Friday, September 17, 2010

Howard’s Inner Circle, No. 21: Being Proactive When There is Uncertainty

A number of speakers at the UJA Federation of New York 41st Annual Sidney Kess New York Tax & Financial Planning Conference urged attorneys, CPAs, and financial planners attending to encourage their clients to review their wills. There was concern that the federal estate tax repeal for 2010 could have a devastating impact on the distribution of property if they died in 2010.

A particularly expressed concern were those wills with formula clauses that assumed the existence of an estate tax. Martin Shenkman with Martin M. Shenkman, P.C. in Teaneck, NJ indicated that relying upon a state-enacted stop-gap law that assumes an estate tax of a certain date for purposes of a formula clause might not work as it could result in the disposition not intended by the actual formula clause in the will.

I believe it was Daniel Daniels of Wiggin and Dana LLP in Stanford, Conn. who opined if a change in a will is needed, a deficient formula clause might be replaced with a bequest to a giant QTIP trust providing flexibility to deal postmortem with the estate tax uncertainty. This is especially true if the estate tax is imposed retroactively to individuals dying towards the end of 2010.

Shenkman also pointed out how the estate tax repeal discourages charitable bequests in a will since there is no estate tax charitable deduction to utilize. He offered a number of alternatives which would result in a deduction for income tax purposes. He also added that similar logic would apply upon reinstatement of an estate tax if the estate is under the estate tax exclusion amount.

Also in dealing with uncertainty, Steven Siegel of the Siegel Group in Morristown, NJ recommends including alternative dispositions when drafting, as this allows for the greater effective utilization of disclaimers to accomplish a desired result despite the uncertainty.

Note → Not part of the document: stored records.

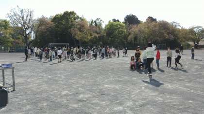 今年度楢原小は、 火曜日の給食後の全校集会を、月曜日登校後の全校朝会に変更しました。今日は、初めてなので、早めに校庭に出て、整列の位置に着いている児童が何人も並んでいました。
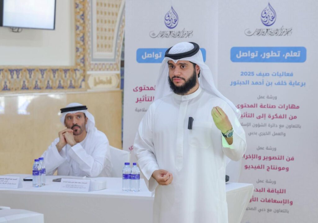 جاءت انطلاقة الفعاليات بورشة عمل بعنوان “مهارات صناعة المحتوى: من الفكرة إلى التأثير”، نظمت بالتعاون مع دائرة الشؤون الإسلامية والعمل الخيري بدبي، وقدمها المستشار سعود محمد حسن الحمادي، استشاري وسائل التواصل الاجتماعي في الهيئة. واستعرضت الورشة الأدوات والأساليب اللازمة لإنشاء محتوى رقمي فعال، سواء على الصعيد الشخصي أو المهني، وكيفية صياغة الأفكار وتحويلها إلى رسائل مقروءة ومرئية مؤثرة، تتماشى مع تطلعات العصر الرقمي وتخاطب مختلف الفئات المستهدفة.
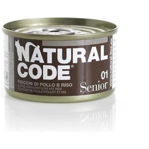 Natural Code 01 Cibo Umido per Gatti Anziani - Fiocchi di Pollo e Riso - Lattina da 85 gr in Alimenti Cani e Gatti
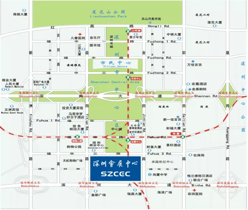 由罗湖、福田、盐田区出发:经滨河路或深南大道向西行,至金田立交处右转向北即抵达福华三路。

It is extremely unfortunate that the Congress that enacted the “Economic Growth and Tax Relief Reconciliation Act” and subsequent Congresses, especially and including this one, created and continue to perpetuate this uncertainty. In 2001, while I was editor-in- chief of Practical Accountant, I mentioned in a cover story on this subject that a practitioner observed tongue-in-cheek, “Some advisors are having clients sign a living will where the plug will get pulled five minutes before the end of 2010.” My fear is this Congress will take no action in 2010 and a plug might be pulled or someone might commit suicide just before 2010 ends so the death occurs before the estate tax is reinstated.